As of Saturday, Massachusetts had a death toll of 8,041 and 108,443 confirmed and probable coronavirus cases.

Attention has shifted from the United States' Northeast to the South and Southwest, where states like Florida, Texas and Arizona are experiencing their own surges.

Florida and Nevada both reported record daily rise in coronavirus cases Saturday. Massachusetts, which once had the third-most cases in the country, now has the seventh most, according to NBC News' count. Nationwide, more than 2.5 million people have contracted the virus and more than 125,000 of them have died.

How Coronavirus Has Grown in Each State — in 1 Chart

This graph shows how the number of coronavirus cases have grown in Massachusetts, in the context of the other U.S. states, dating to the early days of the pandemic. It shows how many cases have been diagnosed each day in each state since their 500th cases. Select a state from the dropdown to highlight its track.

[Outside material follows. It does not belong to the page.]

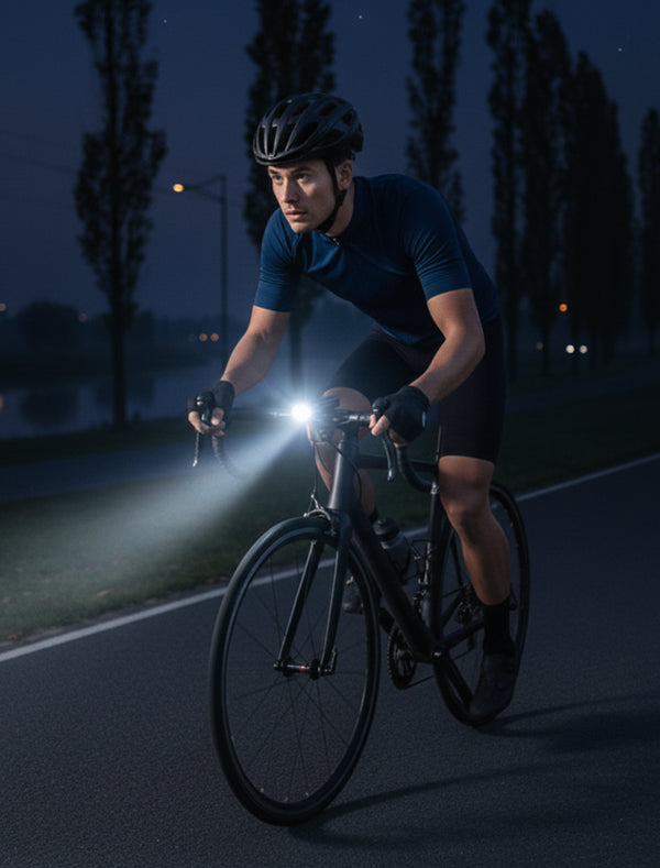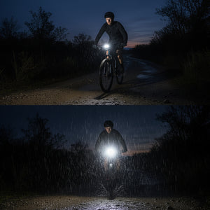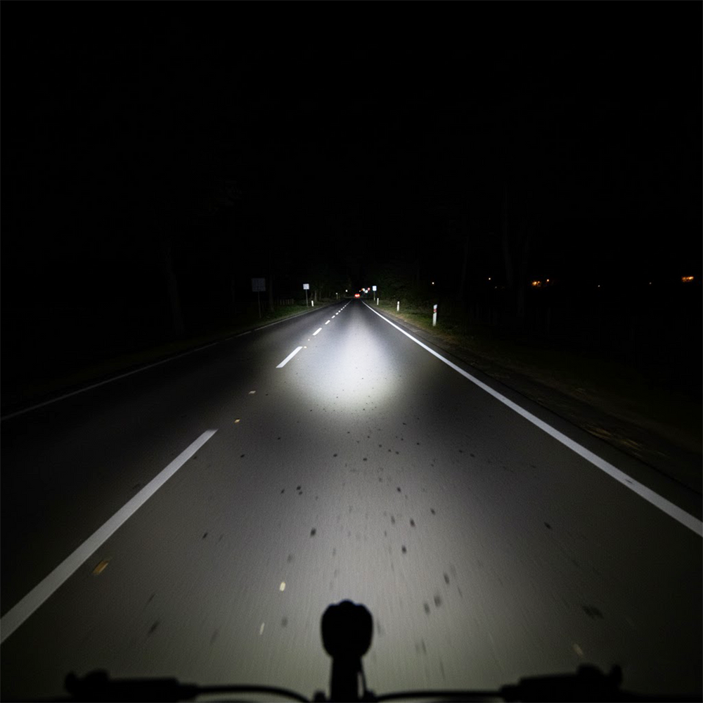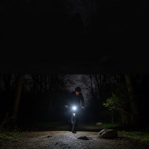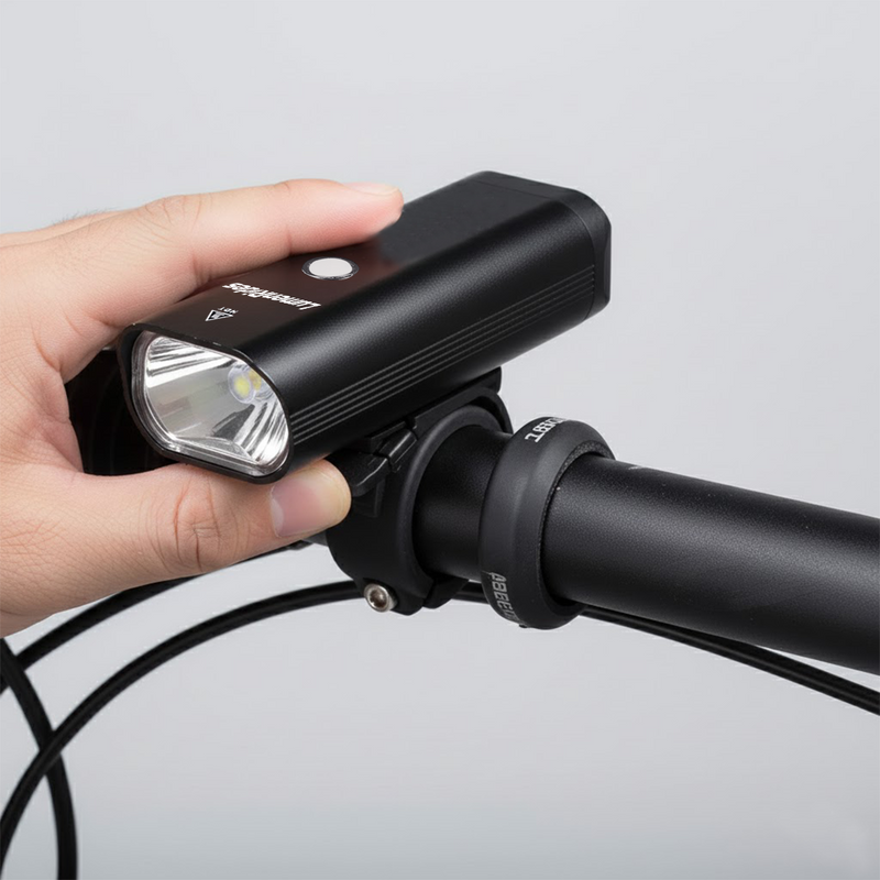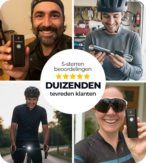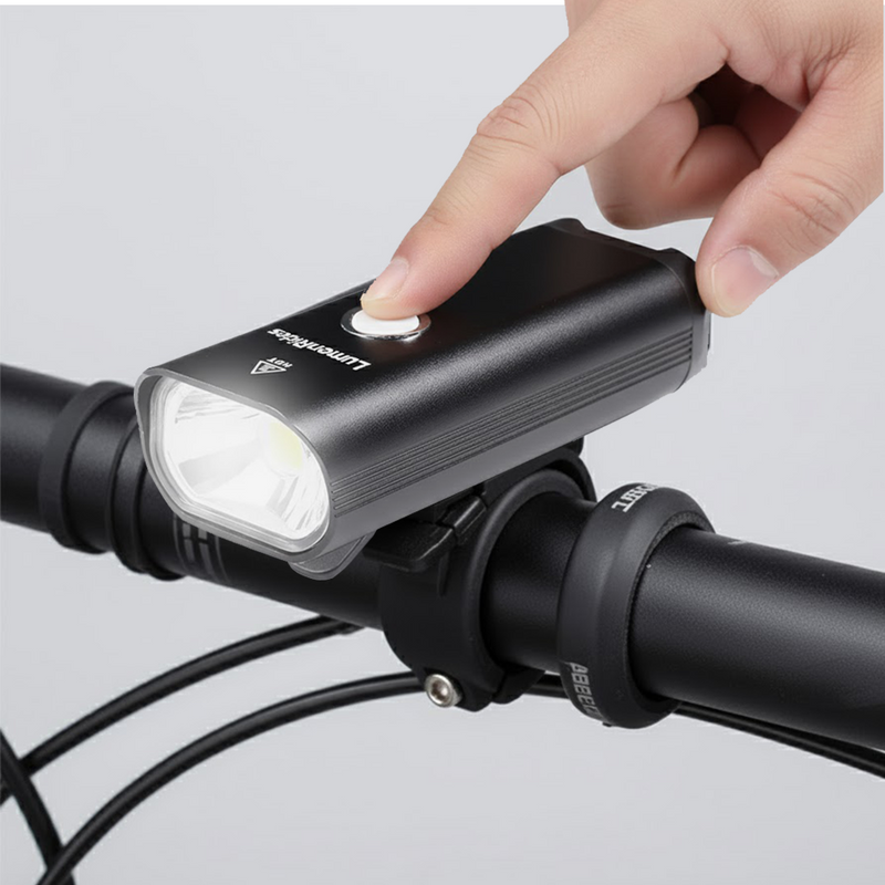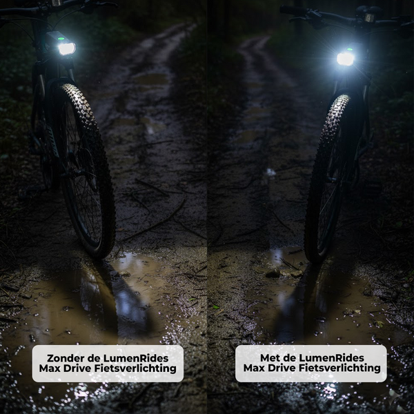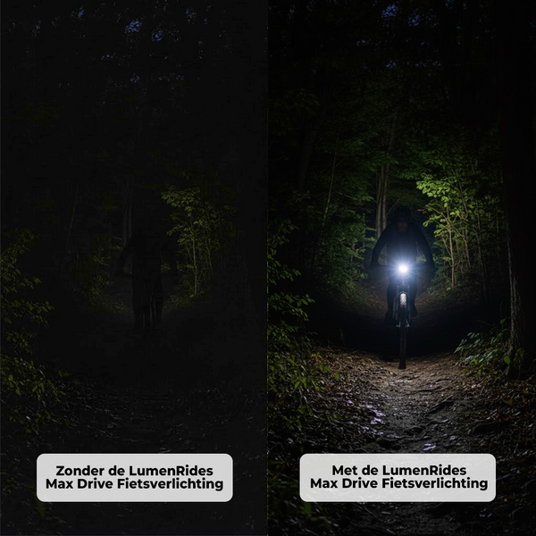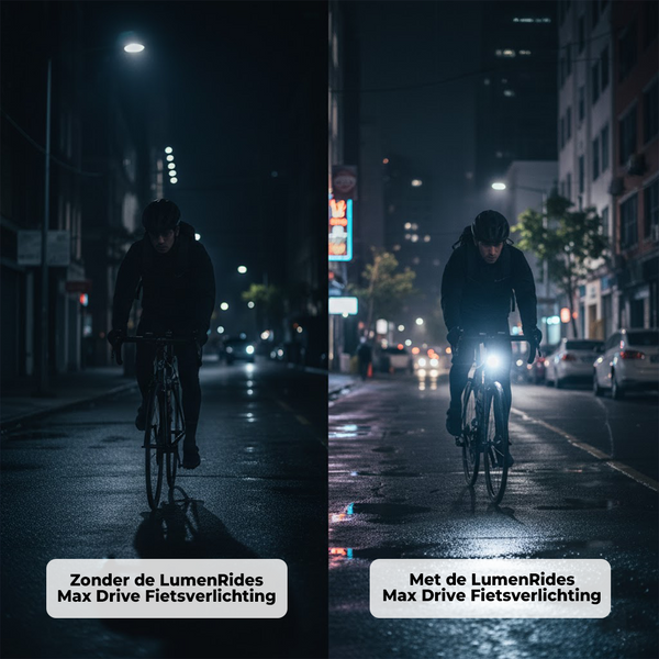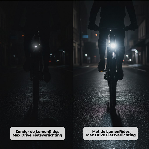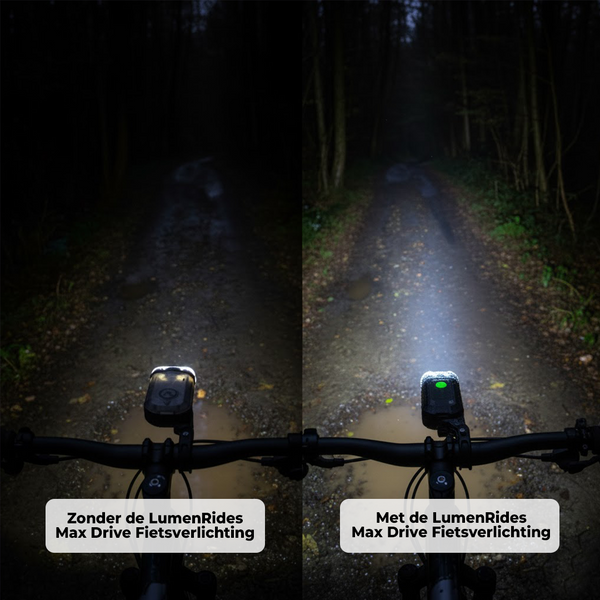 In de doos vind je de LumenRides Max Drive voorlamp voor op de fiets, een duurzame stuurhouder met een verstelbare band en een handleiding om je direct op weg te helpen. De lamp heeft een geïntegreerde USB-C-oplaadpoort, zodat je hem binnen enkele minuten eenvoudig kunt opladen en op pad kunt.

Source: The COVID Tracking Project
Credit: Amy O’Kruk/NBC

The new surges are happening because states are reopening too fast and without the proper testing and tracing mechanisms in place, a Harvard public health expert said on the "TODAY" show Saturday.

"We opened up too fast. We opened up bars, we opened up nightclubs, and it's the combination of all of that that has led us to where we are today," said Dr. Ashish Jha, who leads the Harvard Global Health Institute.

In Massachusetts, the second step of Phase 2 of the state's 4-phased reopening plan went effect on Monday. It allows indoor dining to begin, increases capacity at offices from 25% to 50% and allows retailers to open fitting rooms, though by appointment only.

The six indicators informing how fast Massachusetts can move through the four phases of reopening the state are: the COVID-19 positive test rate, the number of individuals who died from COVID-19, the number of patients with COVID-19 in hospitals, the health care system's readiness, testing capacity, contact tracing capabilities. Their statuses have held steady, with half in a positive trend and half "in progress" since June 5.

On Friday, Massachusetts Gov. Charlie Baker pledged $275 million for economic recovery in areas like housing and business competitiveness.